TRAFALGAR SQUARE (n.) Large piazza that doth remind gallic peoples just who once ruled the waves.

Dr. Johnson’s London Dictionary for publick consumption in the twenty-first century avail yourself on Twitter @JohnsonsLondon

The London Grill: Adrian Brune

We challenge our contributors to reply to ten devilishly probing questions about their London and we don’t take “Sorry Gov” for an answer. Everyone sitting in the hot seat they will face the same questions ranging from their favourite way to spend a day out in the capital to their most hated building on London’s skyline to find out what Londoners think about their city. The questions are the same but the answers vary wildly.

Since 2001, A.M. Brune has reported and written hundreds of freelance newspaper, magazine and website articles – from pitch to print – for publications, such as the New Yorker, The Guardian, Air Mail, the Spectator and others on a variety of topics, including world affairs and culture and social justice. She moved to London in 2021 after 20 years in New York. On Substack she regularly writes A Letter from London, she also be found on her website.
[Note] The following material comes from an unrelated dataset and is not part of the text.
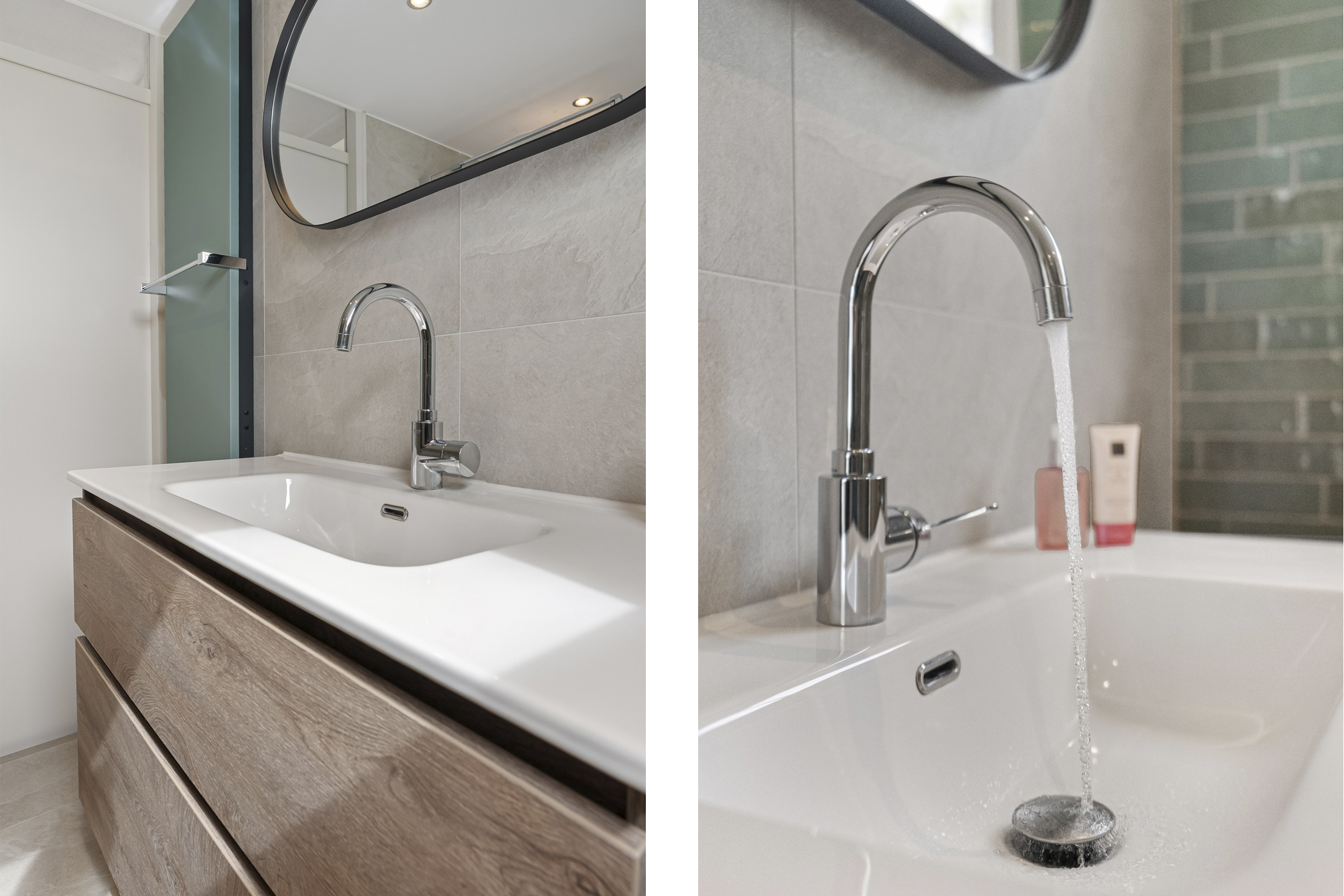 De badkamer is in 2023 vernieuwd en modern uitgevoerd met een inloopdouche, toilet en een stijlvol wastafelmeubel. De fraaie wandtegels en verzorgde afwerking geven het geheel een eigentijdse uitstraling.

What’s your secret London tip?

Buy an electric bicycle. It is so much faster and easier than public transport, Uber and — am sorry, Black cabbies, who are the oracles of the city — Black cabs.

What’s your secret London place?

I love strolling down the London canals in Islington and Hackney. It’s so cool to see all the floating homes.

What’s your biggest gripe about London?

When people from other places say “wow, you live in London — must be overwhelming,” I want to reply, “People, I lived in New York City for 20 years!” London, as busy as it may be, has nothing on New York. London is civility; New York is chaos.

What’s your favourite building?

The original Twinings Tea Shop on Strand, or the Michelin House restaurant on Fulham Road. Can’t beat the Art Deco and Nouveau architecture.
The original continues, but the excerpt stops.